Sebagai Kepala Unit Gardu Induk (GI) dan Transmisi Solok Sektor Padang keberadaan Zainal Arifin saat itu adalah untuk mengembangkan jaringan listrik di Kota Solok, jadi ia merasa penting untuk memiliki bukti hukum tentang rumah yang ditempatinya di Kelurahan Tanah Garam itu.

"Di sisi lain pihak manajemen PLN masih terus berjanji akan mencarikan data-data autentik ke  PLN Wilayah III dan PLN Pikitring Bukittinggi," ujar Zainal Arifin.

Zainal Arifin menambahkan bahwa sejak bulan September 1988 dia telah mengajukan perbaikan rumah tersebut, karena kondisinya sangat tidak layak sebagai rumah tinggal. “Namun permohonan saya selalu ditolak, dengan alasan status rumah itu bukan milik perusahaan terdaftar menjadi aktifa tetap PLN. Akhirnya saya memperbaiki rumah itu dengan uang pribadi yang saat itu bernilai 15 juta rupiah,” katanya.
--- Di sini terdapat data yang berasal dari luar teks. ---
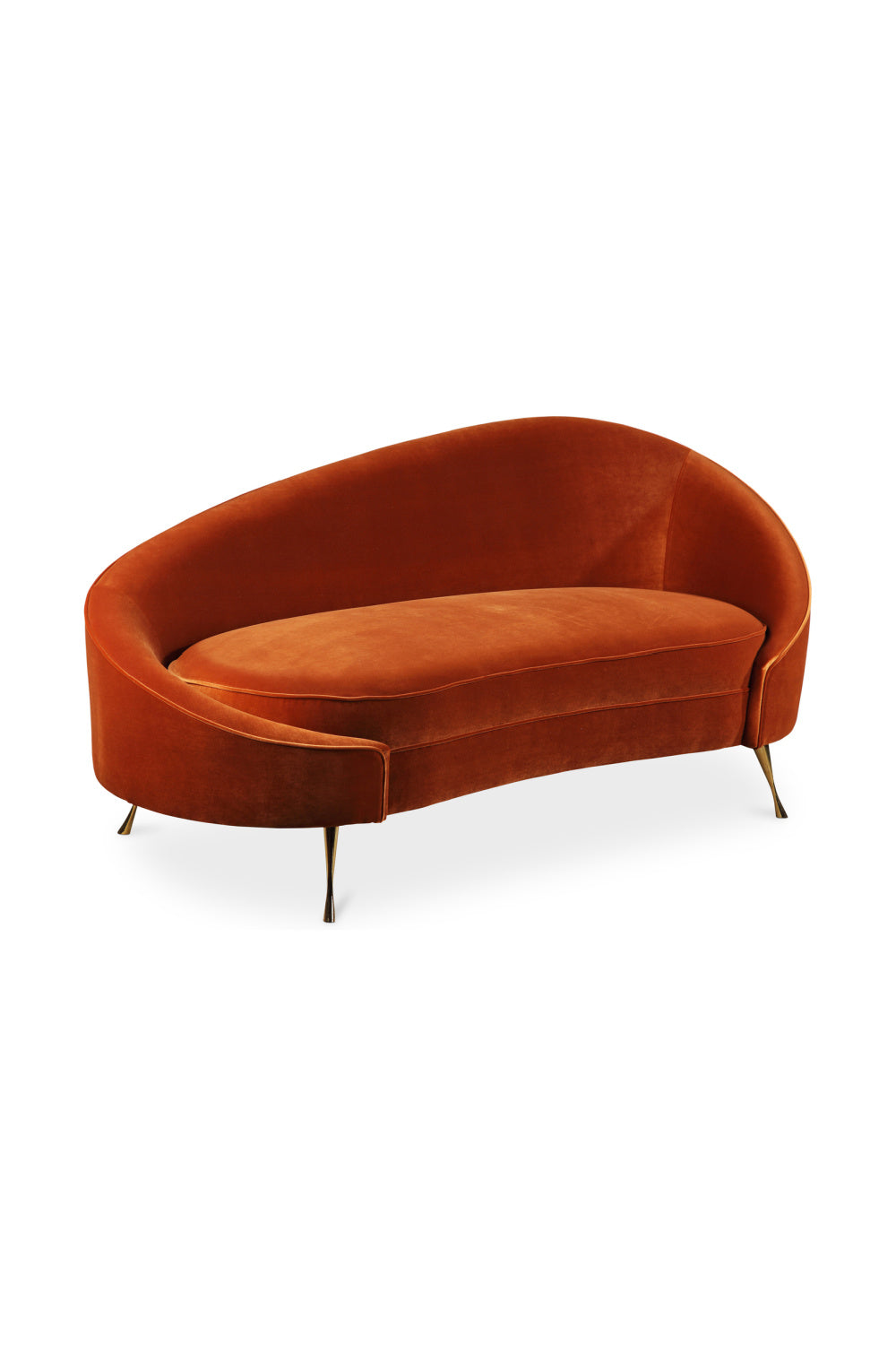 Take a seat on this beautiful retro cloud. An asymmetrical back, velvety softness, and gold stainless steel legs make the Abigail chaise. Perfect for the 60s-obsessed or anyone with impeccable taste.

Ia menyebut tak berniat untuk menguasai rumah itu, buktinya tahun 1992 rumah tersebut telah dia serahkan ke PLN Sektor Padang sebagai Unit Induk GI dan Transmisi Solok. Namun selalu ditolak dengan alasan bahwa rumah itu bukan aset PLN

"Saya merasa aneh, di saat bersamaan pihak manajemen di PLN Sektor Padang pun memotong gaji saya sebesar 75 persen sebagai uang perumahan. Pemotongan itu mulai pada April 1992 hingga Januari 1995. Padahal saat itu status rumah yang saya tempati belum jelas juga status hukumnya,” ujar pria asal Sunda ini.

Yang membuat Zainal Arifin terpukul, ia justru dilaporkan ke Polsek Kota Solok oleh PLN UPT Padang, dengan laporan bahwa Zainal Arifin ingin menguasai aset PLN.

Untuk itu Zainal Arifin mohon pada GM PLN agar bisa menyelesaikan persoalan ini dengan lebih bijaksana.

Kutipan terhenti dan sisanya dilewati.